Really fancy an Orange Monster. :lookaround:

And for a more substantial purchase, a quality white faced auto chronograph.

There was a Fortis on here a few months back, but i wasn't in a position to buy it


----------



## Andy Tims (Apr 13, 2008)

I have one of these on order (but with applied numerals as opposed to a printed dial)










Due in September, but knowing me, I'll be tempted at least once or twice before then


----------



## Sancho Panza (Apr 7, 2010)

I have my eye on an SMP Co-Ax, but I'm also eyeing up a new motorcycle after being away from bikes for a few years. I'm really not sure at all about getting another bike, I've just grown too used to the car. Though I would still have a car, the bike would just be for fun.


----------



## frogspawn (Jun 20, 2008)

Omega dynamic chrono - preferably the Targa Florio version but....

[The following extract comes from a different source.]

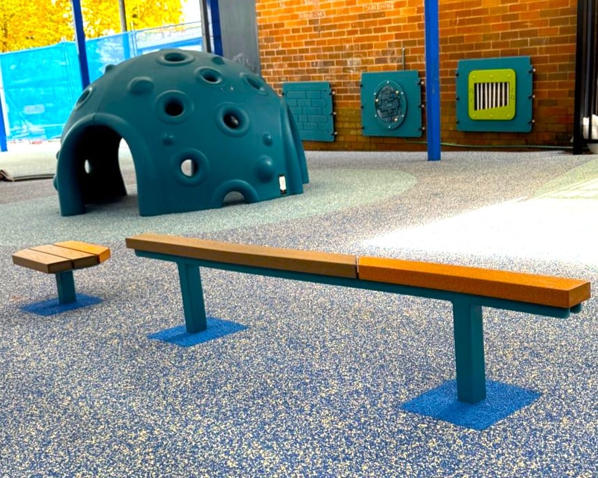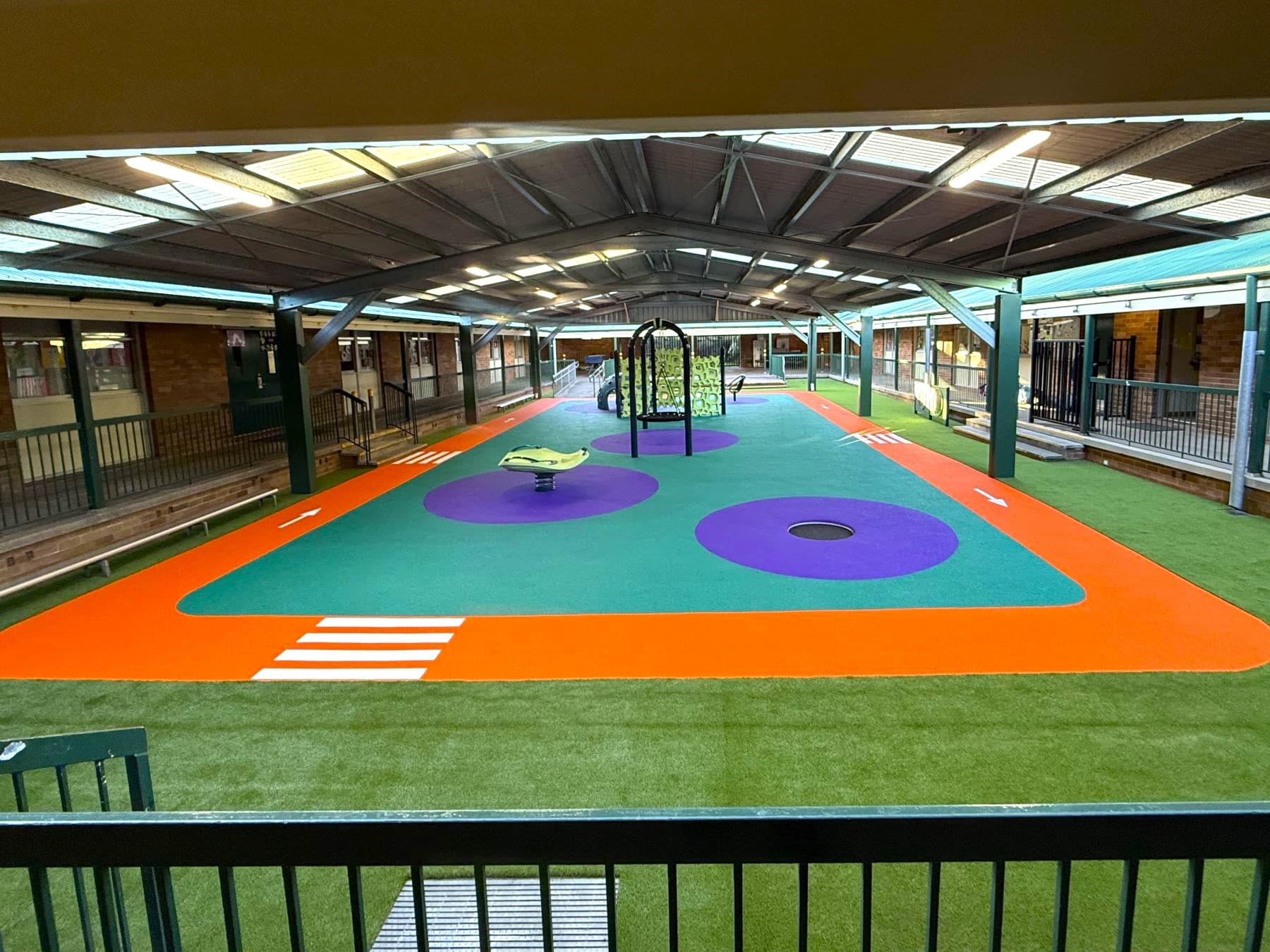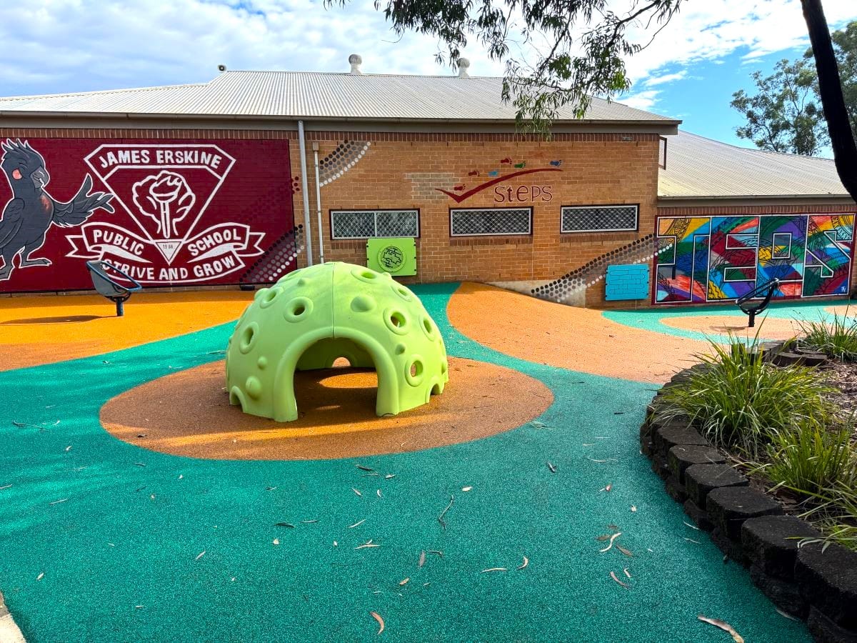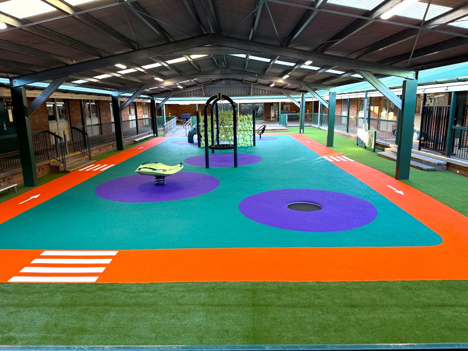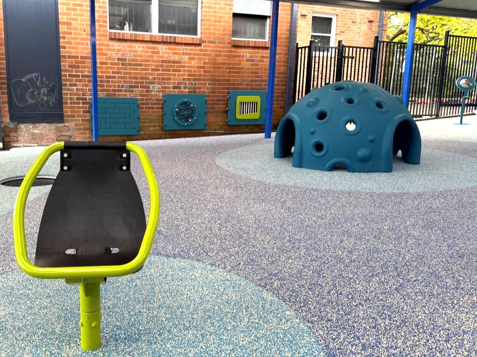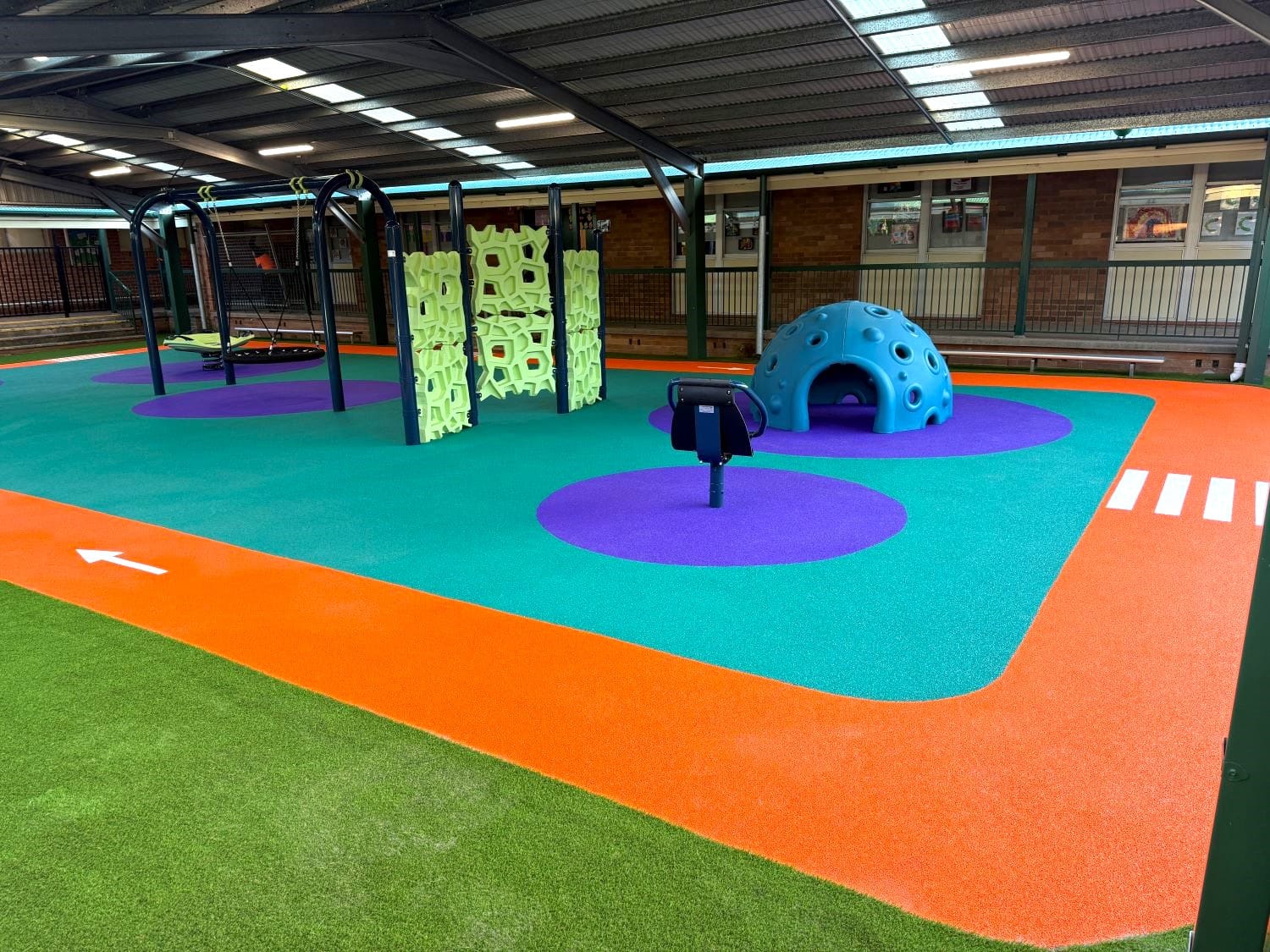 Sometimes the simplest of things can make a big impact and this couldn’t be more true of the works completed for James Erskine Public School. An unused space in the school has been transformed into an earthy sensory space for their Support Unit with Cozy Dome, Chill Spinners, Sensory Play Panels, Inground Trampoline and all finished off with EPDM Rubber Surfacing.

Reason : Had one of the chronos a couple of years ago and they are superb to wear and look at, missed a Targa a couple of years ago in Florence - they only wanted 500 euros and they are now up and around the Â£1000.


----------



## Guest (Jun 25, 2010)

Openended said:


> Casio Pathfinder. Probably the PRW-1300-1VER.


Yay! :thumbsup:

I have the all-black version with the negative display, and I have to say it's a great watch.










I've raved about it in a couple of other threads here, but as you say you're thinking about buying one I just couldn't resist posting to say go for it! 

The only thing is I found with the resin straps it's good to stick them in boiling water for a few moments and then bend them around so they follow the shape of your wrist more naturally. It's only a very small change you end up making to the strap, but I found it makes all the difference in terms of not having the strap concentrating all it's grip on only two small areas of your wrist, which can obviously get a bit uncomfortable.

Gave the boiling water thing a try with mine, and now it's as comfortable as padded bunnies. :yes:

As far as my next purchase, if my date goes well tonight then I think I'll buy this girl the ladies' version of the watch I recently bought for myself:

Reactor Fallout


----------



## Kutusov (Apr 19, 2010)

Andy Tims said:


> I have one of these on order (but with applied numerals as opposed to a printed dial)
> 
> 
> 
> ...


This is such a nice looking watch!!! I wouldn't be able to resist until September if I had the funds before that... and who needs an holiday anyway??? :sweatdrop:


----------



## UkWatchGuy (Nov 29, 2009)

Daytona, still saving up :notworthy:


----------



## BondandBigM (Apr 4, 2007)

*What Will Your Next Purchase (Real Or Fantasy) Be?*

A pair of these.










*Why?*

Broke one

*What's spurring you on*

Need a new MOT

*holding you back?*

They are all in America :lol:


----------



## Kutusov (Apr 19, 2010)

You're going to put this on what?

I'm trying to remember what American truck comes out of factory with this on... is it the F150?


----------



## Barreti (Apr 18, 2008)

Shouldn't that spring be attached to something?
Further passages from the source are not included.